Berry curvature, spin Hall effect and nonlinear optical response in moir\'e transition metal dichalcogenide heterobilayers

TL;DR

This paper explores how Berry curvature effects in moiré TMD heterobilayers lead to phenomena like the spin Hall effect and nonlinear optical responses, revealing new quantum behaviors in these materials.

Contribution

It demonstrates that remote conduction bands induce a periodic pseudo-magnetic field causing Berry curvature flux, which explains the observed spin Hall effect and nonlinear optical responses.

Findings

Periodic pseudo-magnetic field induces Berry curvature flux.
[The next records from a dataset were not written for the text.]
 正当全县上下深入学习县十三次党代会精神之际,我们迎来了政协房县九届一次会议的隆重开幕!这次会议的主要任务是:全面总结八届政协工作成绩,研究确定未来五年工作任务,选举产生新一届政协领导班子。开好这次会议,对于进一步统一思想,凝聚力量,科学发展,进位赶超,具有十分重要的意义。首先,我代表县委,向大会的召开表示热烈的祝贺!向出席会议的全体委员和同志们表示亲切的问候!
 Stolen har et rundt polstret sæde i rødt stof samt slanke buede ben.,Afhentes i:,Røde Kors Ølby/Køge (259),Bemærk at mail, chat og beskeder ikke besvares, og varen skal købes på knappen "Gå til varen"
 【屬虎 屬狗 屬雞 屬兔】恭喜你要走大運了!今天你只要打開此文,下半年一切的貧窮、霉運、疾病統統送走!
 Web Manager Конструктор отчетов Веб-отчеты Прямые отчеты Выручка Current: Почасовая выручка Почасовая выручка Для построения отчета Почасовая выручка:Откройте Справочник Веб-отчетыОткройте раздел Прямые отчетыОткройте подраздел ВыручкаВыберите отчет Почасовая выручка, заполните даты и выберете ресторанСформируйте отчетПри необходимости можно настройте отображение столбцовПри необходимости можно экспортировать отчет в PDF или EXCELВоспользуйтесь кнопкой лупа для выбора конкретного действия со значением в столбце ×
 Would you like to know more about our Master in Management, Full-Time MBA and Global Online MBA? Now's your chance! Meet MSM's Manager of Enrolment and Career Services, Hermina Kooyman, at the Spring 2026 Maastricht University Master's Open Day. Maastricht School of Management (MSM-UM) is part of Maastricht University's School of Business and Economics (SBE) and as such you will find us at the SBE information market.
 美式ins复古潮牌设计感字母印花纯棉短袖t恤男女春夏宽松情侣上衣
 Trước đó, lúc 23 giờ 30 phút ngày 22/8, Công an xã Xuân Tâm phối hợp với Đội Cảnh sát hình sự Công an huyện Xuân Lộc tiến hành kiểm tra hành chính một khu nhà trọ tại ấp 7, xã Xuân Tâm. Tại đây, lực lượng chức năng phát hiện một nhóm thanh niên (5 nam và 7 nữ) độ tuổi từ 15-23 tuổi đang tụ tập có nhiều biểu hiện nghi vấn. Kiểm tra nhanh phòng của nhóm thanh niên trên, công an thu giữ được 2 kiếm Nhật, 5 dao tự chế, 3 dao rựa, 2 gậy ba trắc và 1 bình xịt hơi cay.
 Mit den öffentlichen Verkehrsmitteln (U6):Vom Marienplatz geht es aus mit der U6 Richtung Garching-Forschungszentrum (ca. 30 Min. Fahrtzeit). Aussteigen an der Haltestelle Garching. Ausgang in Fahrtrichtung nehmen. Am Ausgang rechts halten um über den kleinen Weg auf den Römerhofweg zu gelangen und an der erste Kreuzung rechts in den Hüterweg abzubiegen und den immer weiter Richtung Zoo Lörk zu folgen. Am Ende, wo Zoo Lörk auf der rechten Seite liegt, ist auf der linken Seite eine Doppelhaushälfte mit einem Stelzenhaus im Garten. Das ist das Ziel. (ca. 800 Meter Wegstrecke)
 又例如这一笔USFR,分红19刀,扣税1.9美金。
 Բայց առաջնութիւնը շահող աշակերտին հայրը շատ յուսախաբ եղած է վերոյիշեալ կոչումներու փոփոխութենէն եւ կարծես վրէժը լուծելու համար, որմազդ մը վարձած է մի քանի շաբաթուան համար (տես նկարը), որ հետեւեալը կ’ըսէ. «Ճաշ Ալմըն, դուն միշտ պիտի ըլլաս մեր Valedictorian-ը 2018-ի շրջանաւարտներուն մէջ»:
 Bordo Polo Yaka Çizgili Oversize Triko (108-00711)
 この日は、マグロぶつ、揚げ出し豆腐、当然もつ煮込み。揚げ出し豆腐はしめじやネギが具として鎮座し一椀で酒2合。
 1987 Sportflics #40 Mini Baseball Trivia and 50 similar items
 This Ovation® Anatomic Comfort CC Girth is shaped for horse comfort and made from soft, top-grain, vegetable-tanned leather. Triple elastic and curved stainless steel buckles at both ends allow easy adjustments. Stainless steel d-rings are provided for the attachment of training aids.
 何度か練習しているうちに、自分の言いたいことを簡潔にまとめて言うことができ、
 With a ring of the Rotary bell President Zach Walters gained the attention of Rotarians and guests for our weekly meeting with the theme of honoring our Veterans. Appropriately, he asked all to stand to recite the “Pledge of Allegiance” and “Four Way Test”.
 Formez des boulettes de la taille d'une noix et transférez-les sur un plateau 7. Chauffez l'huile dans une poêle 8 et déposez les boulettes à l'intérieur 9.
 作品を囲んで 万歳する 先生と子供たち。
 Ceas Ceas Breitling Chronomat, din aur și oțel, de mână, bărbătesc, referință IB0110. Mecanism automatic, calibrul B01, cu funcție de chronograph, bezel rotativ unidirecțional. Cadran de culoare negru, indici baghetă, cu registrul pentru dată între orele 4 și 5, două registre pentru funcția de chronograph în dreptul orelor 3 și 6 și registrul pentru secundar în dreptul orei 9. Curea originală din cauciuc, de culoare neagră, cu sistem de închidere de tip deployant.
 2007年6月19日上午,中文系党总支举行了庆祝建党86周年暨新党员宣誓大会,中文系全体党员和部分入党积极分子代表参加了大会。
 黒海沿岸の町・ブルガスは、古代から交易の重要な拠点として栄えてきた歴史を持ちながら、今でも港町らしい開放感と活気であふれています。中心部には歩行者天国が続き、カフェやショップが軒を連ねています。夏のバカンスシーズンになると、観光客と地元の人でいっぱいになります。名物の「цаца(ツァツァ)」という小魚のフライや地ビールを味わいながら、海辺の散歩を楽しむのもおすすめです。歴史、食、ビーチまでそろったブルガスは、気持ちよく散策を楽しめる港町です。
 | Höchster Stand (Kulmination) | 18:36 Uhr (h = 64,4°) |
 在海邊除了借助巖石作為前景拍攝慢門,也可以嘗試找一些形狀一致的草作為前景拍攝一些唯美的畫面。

Berry curvature distribution can be probed via shift currents.

Spin Hall effect observed due to Berry curvature and spin-valley locking.

Abstract

Recently, the topological flat bands and spin Hall effect have been experimentally observed in the AB-stacked MoTe$_2$/WSe$_2$ heterostructures. In this work, we systematically study the Berry curvature effects in moir\'{e} transition metal dichalcogenide (TMD) heterobilayers. We point out that the moir\'{e} potential of the remote conduction bands would induce a sizable periodic pseudo-magnetic field (PMF) on the valence band. This periodic PMF creates net Berry curvature flux in each valley of the moir\'{e} Brillouin zone. The combination of the effect of the Berry curvature and the spin-valley locking can induce the spin Hall effect being observed in the experiment. Interestingly, the valley-contrasting Berry curvature distribution generated by the PMF can be probed through shift currents, which are DC currents induced by linearly polarized lights through nonlinear responses. Our work shed lights on the novel quantum phenomena induced by Berry curvatures in moir\'e TMD heterobilayers.